**How to complete this task**: Pictures aside, repeat every record below exactly.

***** Listed entries

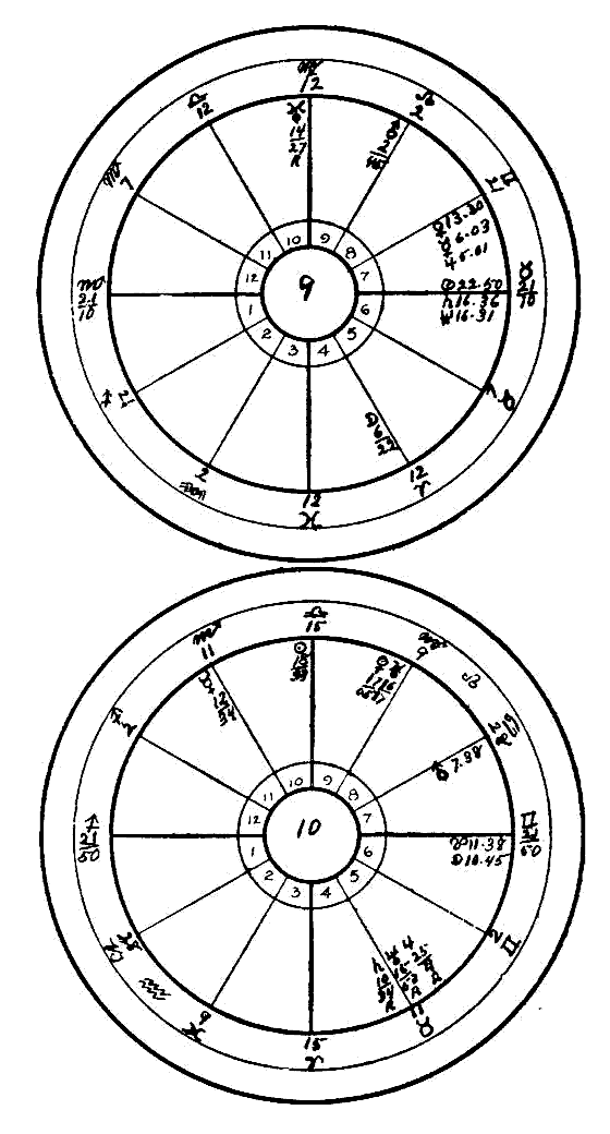 Among the subjects germane to thorough knowledge of Astrology are the similar effects of intrinsically opposite factors; Saturn is called evil, and Jupiter good, but when Saturn is well fortified in a horoscope it has an exceedingly desirable effect, and an afflicted Jupiter is the very reverse of beneficial. Thus there is a good side to each so-called "evil" plant, and every "good" planet has also an undesirable phase. The signs of the Zodiac are said to rule certain parts of the body, but each sign has also subsidiary dominion over the part ruled by its opposite sign; affliction of Gemini may cause bronchitis, or weaken the arms and shoulders, but sciatica, a Sagittarius disease, may also result. Taurus rules the throat; it has great sympathy with Scorpio, the sign that rules the generative organs, hence we note the change of voice in boys at the time of puberty; also woman, when she forsakes the path of chastity and lives a life of debauch acquires a coarser voice. Taurus rules the larynx, but Mercury governs the air which stirs the vocal chords to vibration; thus organic affliction is indicated by affliction of Taurus and Scorpio, but functional disability by the position and aspect of Mercury. There is a similar relation between Taurus (ruling the vocal organs) and Mercury (ruling the air which passes through the larynx) as between instrument and player. If Taurus (and Scorpio) are unafflicted the vocal organ is in good condition, but an afflicted Mercury may nevertheless cause a functional disorder of the speech. The reverse may also happen, namely, that a well fortified Mercury partially overrides the effect of a Taurus affliction. This is well exemplified in Horoscope No. 9; Saturn, Neptune and the Sun conjoined in Taurus cause a throat affection, but Mercury is in a sign of voice, Gemini, (Libra and Aquarius are the other signs of voice) and in conjunction with Jupiter. The woman suffers constantly from throat trouble, but as a good musician draws melody from a dilapidated instrument, so, by the aid of her well placed Mercury, this woman is able to express herself better than many whose vocal organs are sound; in fact, she teaches elocution.
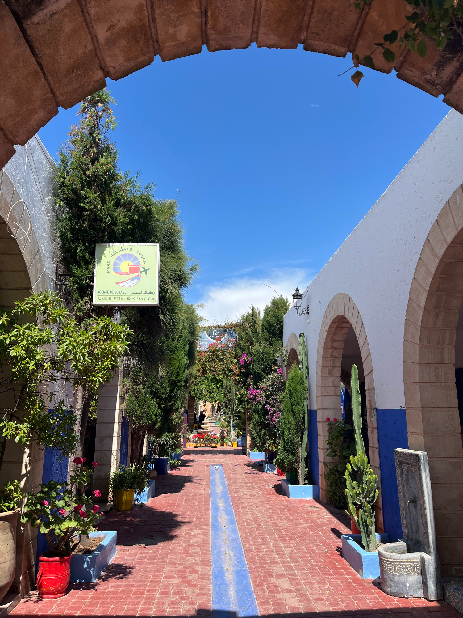 The image shows an outdoor courtyard in Essaouira, Morocco. The courtyard floor is brick, with a blue stripe running along its length. Planters line the edge of the courtyard. A sign for "MARS HOLIDβ¦read more
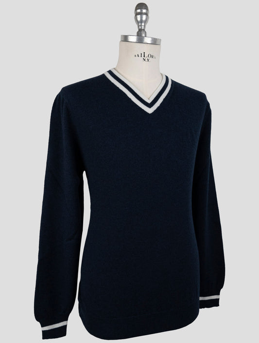 Suéter de Cachemira Azul V-Neck Kiton
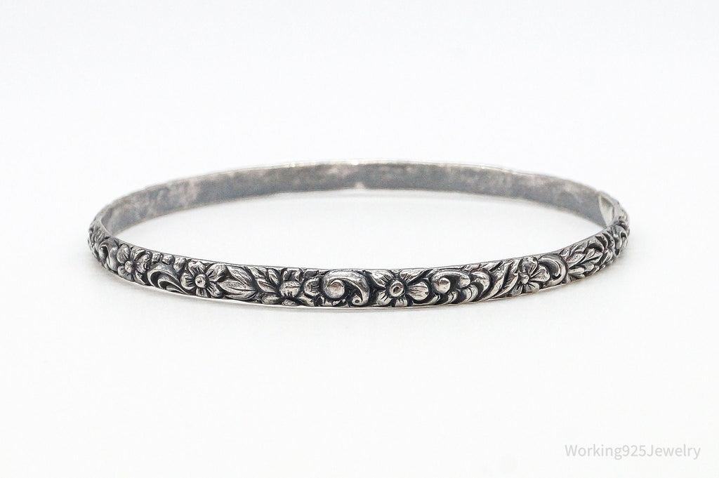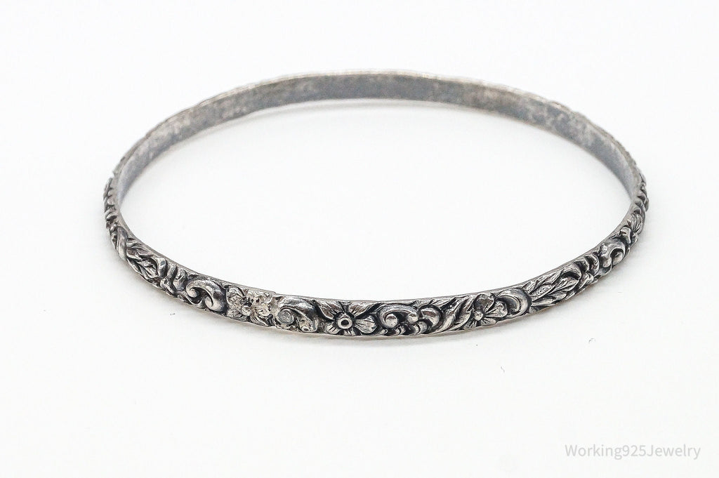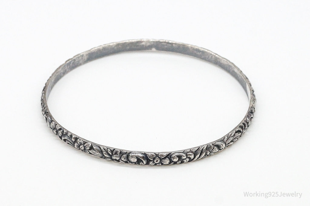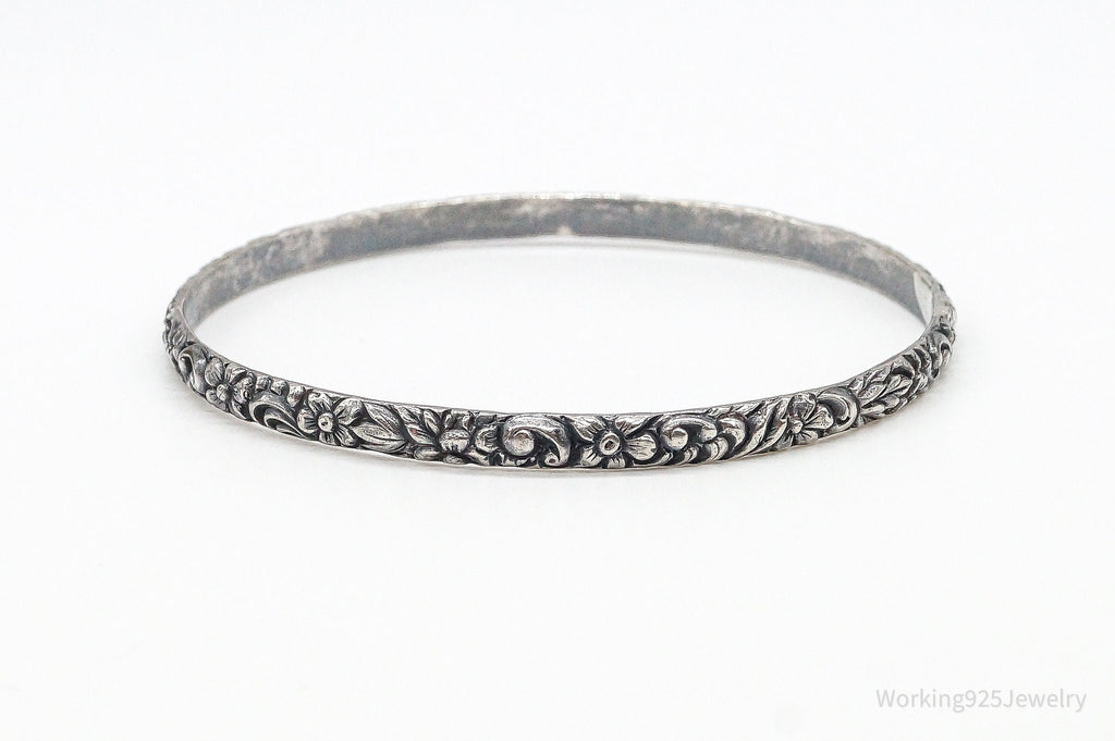 Antique Art Nouveau Motif Floral Sterling Silver Bracelet
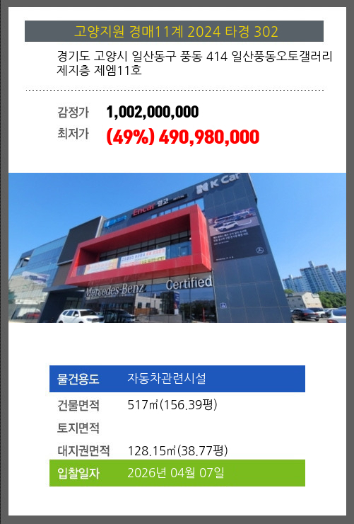 본건은 경기도 고양시 일산동구 풍동 414 일산풍동오토갤러리 제지층 제엠11호
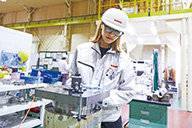 ▲②部品の組立作業工場見学で3Kのイメージを払拭 子育てしながら働ける環境も
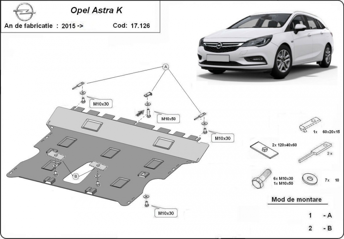 Protection sous moteur et de la boîte de vitesse Opel Astra K (2015-2022)
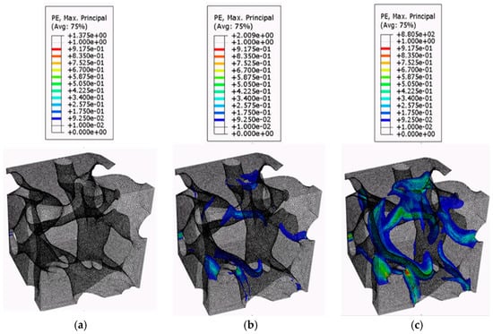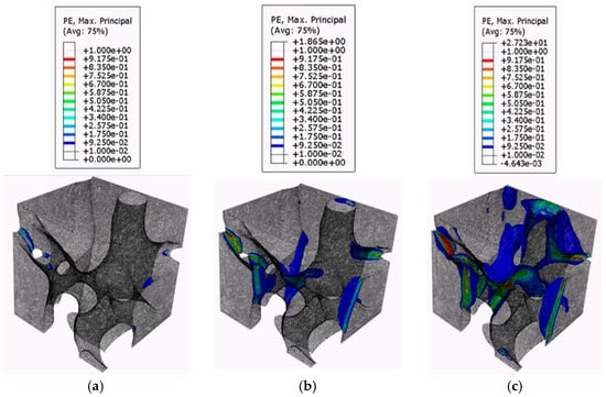 Plastic strain growth of the top RVEs: (a) 0.066; (b) 0.13; and (c) 0.2.
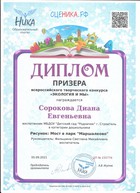2. Сорокова Диана, Призер Всероссийского творческого конкурса «Экология и мы» (05.09.2021)
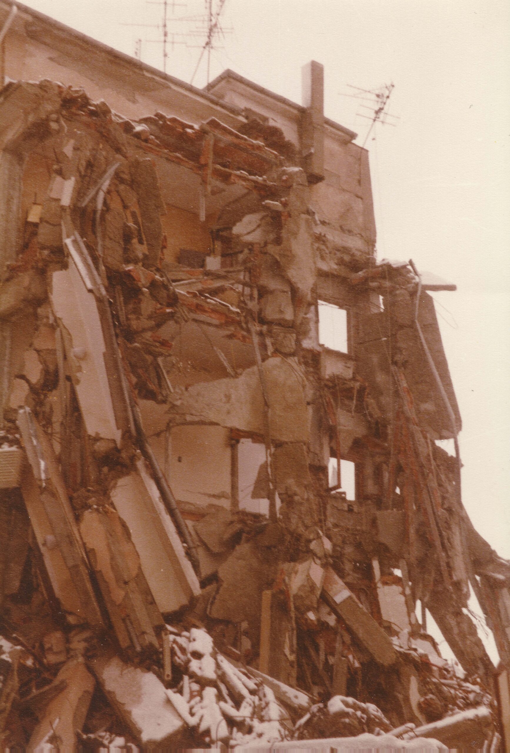 Al mattino arrivarono i primi soccorsi. I sopravvissuti iniziarono a cercare i propri cari e a scavare con qualsiasi cosa trovassero in strada. “Arrivarono i militari ma se ne andarono subito – dissero – non avevano nulla per scavare, e iniziarono ad aiutare chi si poteva estrarre. A metà mattinata riuscirono a tirare fuori Maria. Io rimasi sotto perché la gamba era bloccata sotto un pilastro. Un medico mi disse anche che voleva tagliarmi la gamba. Non volli assolutamente. Avevo sete, tantissima sete, per tutta quella polvere. Ma non c’era nemmeno acqua. L’unica cosa che i miei soccorritori trovarono fu una bottiglia di cognac miracolosamente scampata alla distruzione e così placai un pochino l’arsura”.

**********

**Exercise output**:
 Among the subjects germane to thorough knowledge of Astrology are the similar effects of intrinsically opposite factors; Saturn is called evil, and Jupiter good, but when Saturn is well fortified in a horoscope it has an exceedingly desirable effect, and an afflicted Jupiter is the very reverse of beneficial. Thus there is a good side to each so-called "evil" plant, and every "good" planet has also an undesirable phase. The signs of the Zodiac are said to rule certain parts of the body, but each sign has also subsidiary dominion over the part ruled by its opposite sign; affliction of Gemini may cause bronchitis, or weaken the arms and shoulders, but sciatica, a Sagittarius disease, may also result. Taurus rules the throat; it has great sympathy with Scorpio, the sign that rules the generative organs, hence we note the change of voice in boys at the time of puberty; also woman, when she forsakes the path of chastity and lives a life of debauch acquires a coarser voice. Taurus rules the larynx, but Mercury governs the air which stirs the vocal chords to vibration; thus organic affliction is indicated by affliction of Taurus and Scorpio, but functional disability by the position and aspect of Mercury. There is a similar relation between Taurus (ruling the vocal organs) and Mercury (ruling the air which passes through the larynx) as between instrument and player. If Taurus (and Scorpio) are unafflicted the vocal organ is in good condition, but an afflicted Mercury may nevertheless cause a functional disorder of the speech. The reverse may also happen, namely, that a well fortified Mercury partially overrides the effect of a Taurus affliction. This is well exemplified in Horoscope No. 9; Saturn, Neptune and the Sun conjoined in Taurus cause a throat affection, but Mercury is in a sign of voice, Gemini, (Libra and Aquarius are the other signs of voice) and in conjunction with Jupiter. The woman suffers constantly from throat trouble, but as a good musician draws melody from a dilapidated instrument, so, by the aid of her well placed Mercury, this woman is able to express herself better than many whose vocal organs are sound; in fact, she teaches elocution.
 The image shows an outdoor courtyard in Essaouira, Morocco. The courtyard floor is brick, with a blue stripe running along its length. Planters line the edge of the courtyard. A sign for "MARS HOLIDβ¦read more
 Suéter de Cachemira Azul V-Neck Kiton
 Antique Art Nouveau Motif Floral Sterling Silver Bracelet
 본건은 경기도 고양시 일산동구 풍동 414 일산풍동오토갤러리 제지층 제엠11호
 ▲②部品の組立作業工場見学で3Kのイメージを払拭 子育てしながら働ける環境も
 Protection sous moteur et de la boîte de vitesse Opel Astra K (2015-2022)
 Plastic strain growth of the top RVEs: (a) 0.066; (b) 0.13; and (c) 0.2.
2. Сорокова Диана, Призер Всероссийского творческого конкурса «Экология и мы» (05.09.2021)
 Al mattino arrivarono i primi soccorsi. I sopravvissuti iniziarono a cercare i propri cari e a scavare con qualsiasi cosa trovassero in strada. “Arrivarono i militari ma se ne andarono subito – dissero – non avevano nulla per scavare, e iniziarono ad aiutare chi si poteva estrarre. A metà mattinata riuscirono a tirare fuori Maria. Io rimasi sotto perché la gamba era bloccata sotto un pilastro. Un medico mi disse anche che voleva tagliarmi la gamba. Non volli assolutamente. Avevo sete, tantissima sete, per tutta quella polvere. Ma non c’era nemmeno acqua. L’unica cosa che i miei soccorritori trovarono fu una bottiglia di cognac miracolosamente scampata alla distruzione e così placai un pochino l’arsura”.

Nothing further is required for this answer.